====== NervLand: Introducing support for push constants ======
{{tag>dev cpp 3D nervland vulkan SDL}}
Continuing our journey in vulkan, this time our target will be to introduce support for push constants in our command buffers. That sounds simple at first, but when I starting thinking about it, I realize it might not be //that// simple in fact. Let's check why...
====== ======
===== Simple support for push constant =====
* First, let's make it ultra simple and just introduce the minimal changes in our current VulkanApp to use push constants: we will simply record them in in our existing command buffers, to provide, say 2 vec2 components for position offset and scale factors for instance.
* But first of all let's read our max size for push constants: local pdev = self.vkeng:get_physical_device()
local props = pdev:get_properties()
logDEBUG("Max push constant size: ", props.limits.maxPushConstantsSize, " bytes")
* And the result of that is really unimpressive (even on my RTX 2080): Max push constant size: 256 bytes
* => We won't go very far with that I'm afraid.

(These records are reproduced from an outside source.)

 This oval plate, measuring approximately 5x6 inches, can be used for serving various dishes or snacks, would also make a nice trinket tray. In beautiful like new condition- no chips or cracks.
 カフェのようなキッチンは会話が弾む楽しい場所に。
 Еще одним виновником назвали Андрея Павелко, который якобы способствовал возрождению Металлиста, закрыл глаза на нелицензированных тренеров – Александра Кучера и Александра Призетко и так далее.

* Anyway, we thus create a single push constant range in the pipeline layout: -- Define a single push constant range:
pc:setStageFlags(vk.ShaderStageFlagBits.VERTEX_BIT + vk.ShaderStageFlagBits.FRAGMENT_BIT)
pc:setOffset(0)
pc:setSize(32)
* Then we need to record a **vkCmdPushConstants** command, so let's add that one: void VulkanCommandBuffer::write_push_contants(VkPipelineLayout layout,
VkShaderStageFlags stages,
U32 offset, U32 size,
const void* data) {
ASSERT(is_recording());
_device->vkCmdPushConstants(_buffer, layout, stages, offset, size, data);
}
===== Introducing support for ByteArray =====
* Next, we need a convinient way to write (and read) arbitrary data into a byte buffer: so let's build a **ByteArray** class to support this (with usage from lua in mind)

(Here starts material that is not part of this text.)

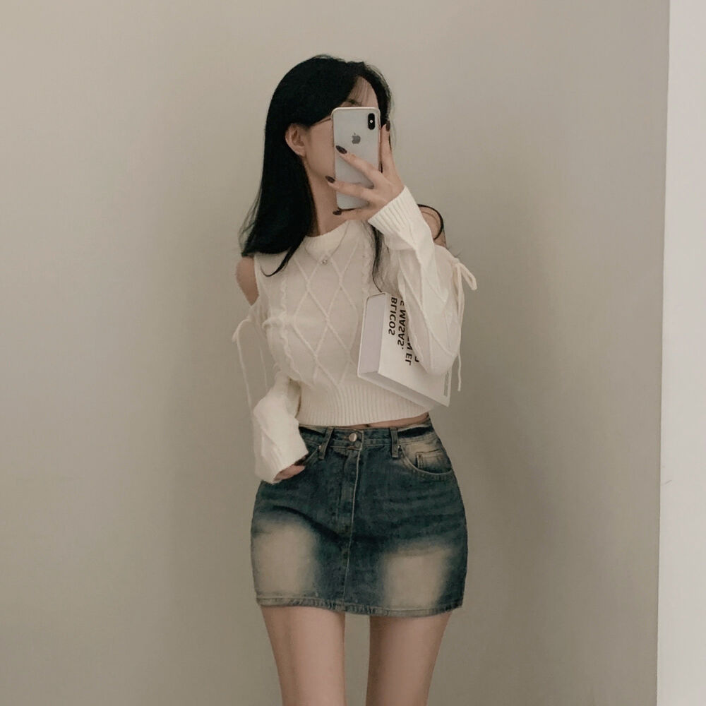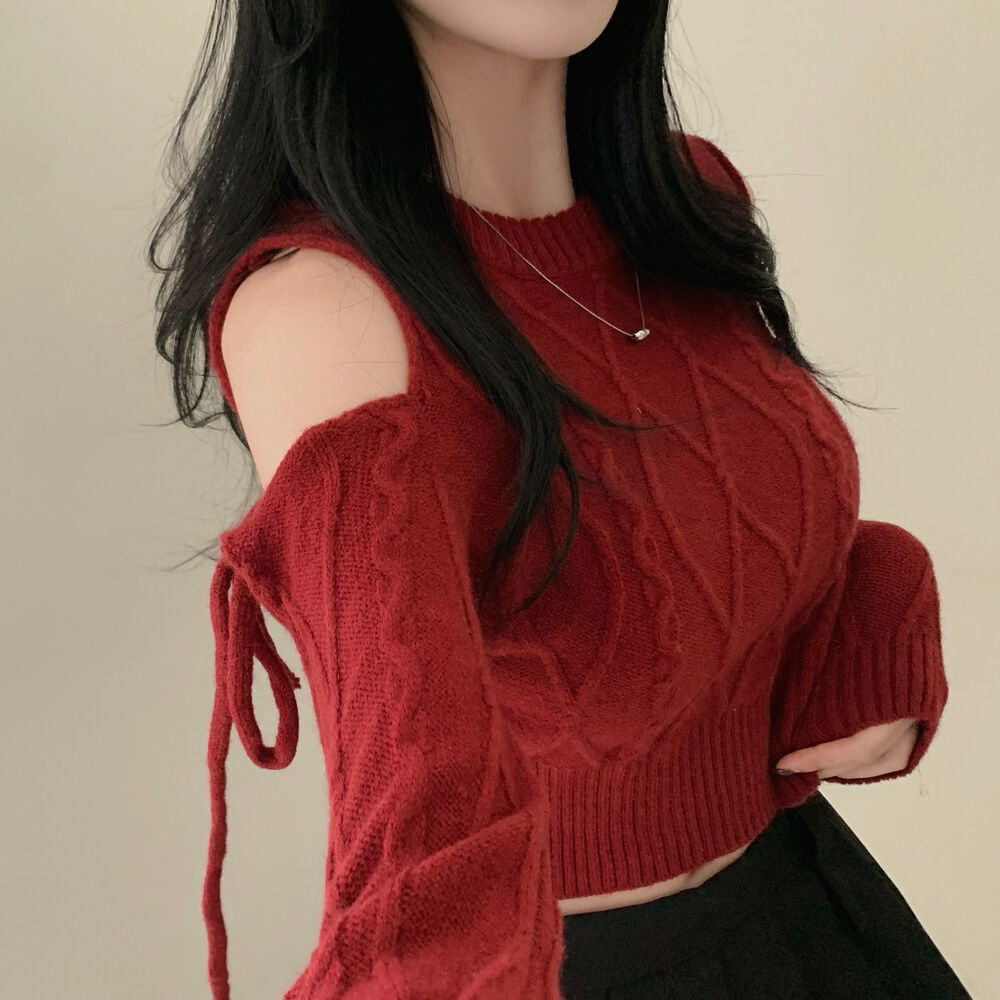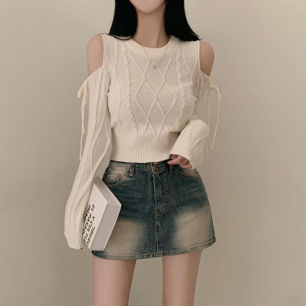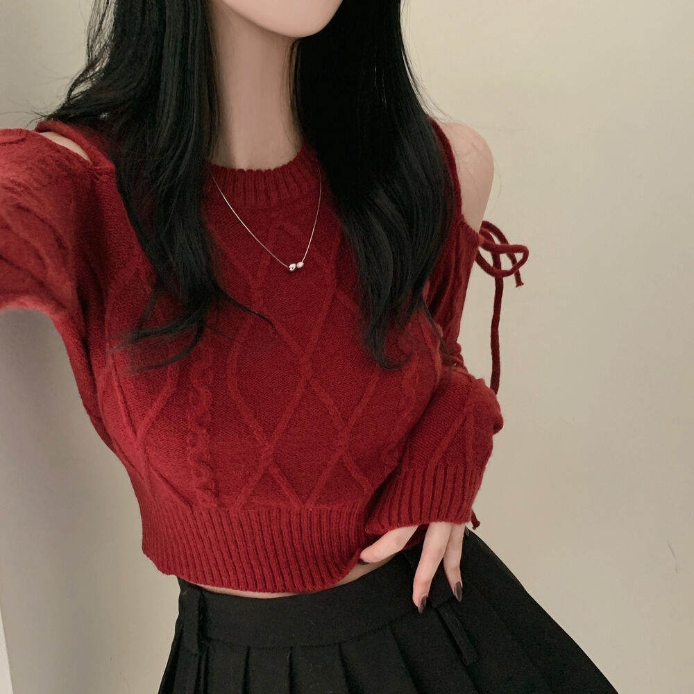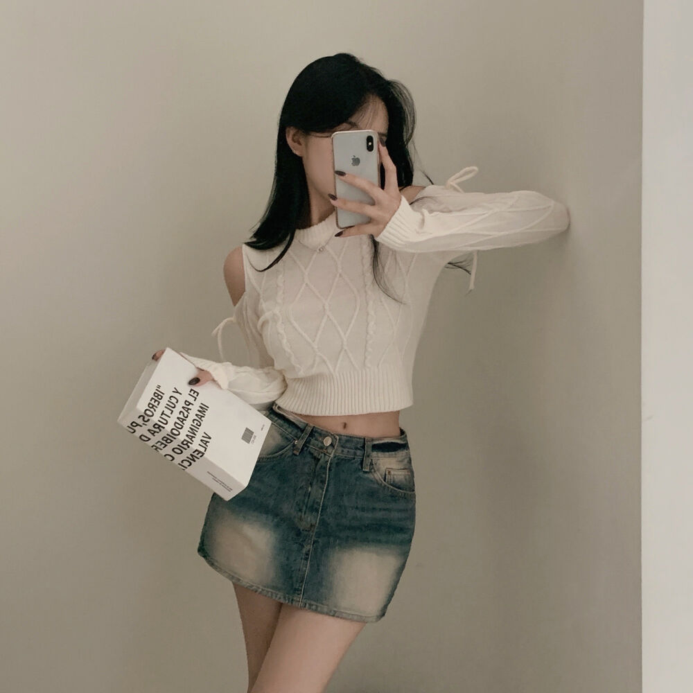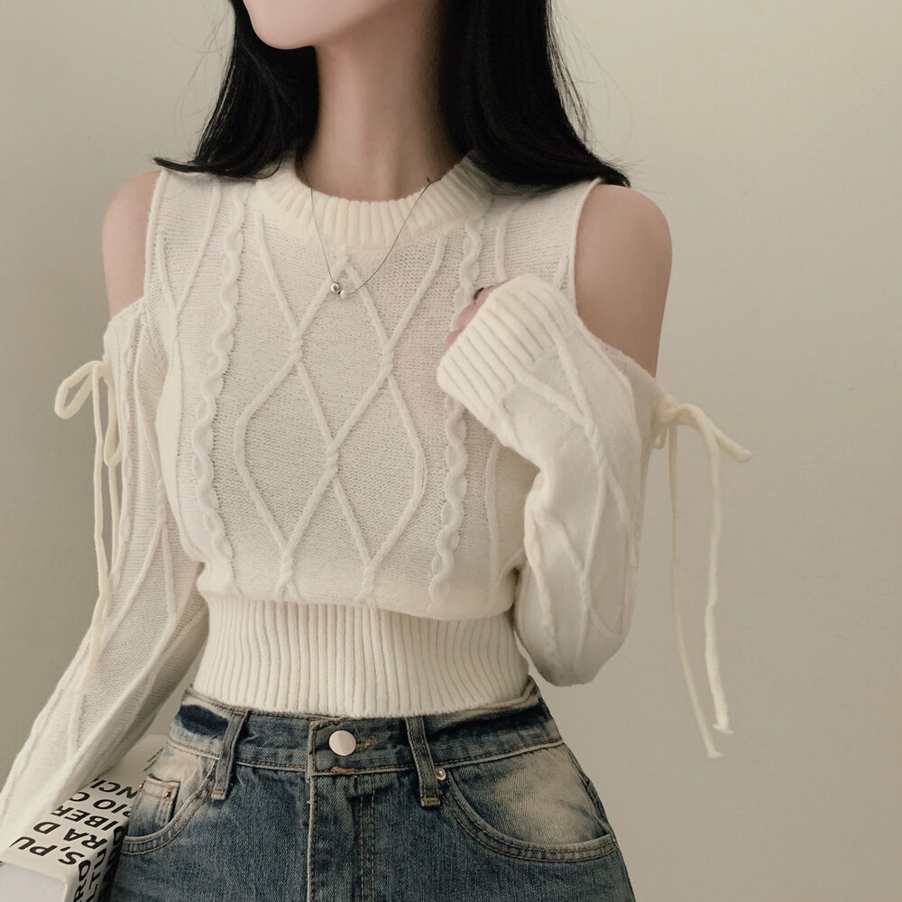 毛衣女春秋季韓系純欲露肩麻花針織衫設計感小衆高腰長袖短款上衣

* => So here is the initial version of my ByteArray class: class NVCORE_EXPORT ByteArray {
public:
ByteArray();
explicit ByteArray(U64 size, U8 defVal = 0);
ByteArray(const ByteArray& rhs);
ByteArray(ByteArray&& rhs) noexcept;
auto operator=(const ByteArray& rhs) -> ByteArray&;
auto operator=(ByteArray&& rhs) noexcept -> ByteArray&;
virtual ~ByteArray();
/** Retrieve the size of this array */
[[nodiscard]] auto get_size() const -> U64 { return _data.size(); }
/** Retrieve the data pointer */
[[nodiscard]] auto get_data(U64 offset = 0) const -> const U8* {
return _data.data() + offset;
}
[[nodiscard]] auto get_data(U64 offset = 0) -> U8* {
return _data.data() + offset;
}
/** Get the current position */
[[nodiscard]] auto get_position() const -> U64 { return _position; }
/** Set the current position */
void set_position(U64 pos) {
CHECK(pos < _data.size(), "out of range position.");
_position = pos;
};
/** Reset the position in this buffer. */
void reset_position() { _position = 0; }
/** Resize the array */
void resize(U64 newSize) { _data.resize(newSize); }
/** Set a given value at a given byte position */
void write_data(const U8* data, U64 dataSize, U64 idx = U64_MAX);
void write_u8(U8 value, U64 idx = U64_MAX);
void write_i8(I8 value, U64 idx = U64_MAX);
void write_u16(U16 value, U64 idx = U64_MAX);
void write_i16(I16 value, U64 idx = U64_MAX);
void write_u32(U32 value, U64 idx = U64_MAX);
void write_i32(I32 value, U64 idx = U64_MAX);
void write_u64(U64 value, U64 idx = U64_MAX);
void write_i64(I64 value, U64 idx = U64_MAX);
void write_f32(F32 value, U64 idx = U64_MAX);
void write_f64(F64 value, U64 idx = U64_MAX);
void write_vec2f(const Vec2f& value, U64 idx = U64_MAX);
void write_vec3f(const Vec3f& value, U64 idx = U64_MAX);
void write_vec4f(const Vec4f& value, U64 idx = U64_MAX);
protected:
/** Storage for the data of this byte array. */
nv::Vector _data;
/** Current position in the buffer. */
U64 _position{0};
};
* Now, I'm wondering: could I just pass the **get_data()** pointer from lua directly to the **write_push_contants()** 🤔 ? That would be amazing... Let's try it 😊.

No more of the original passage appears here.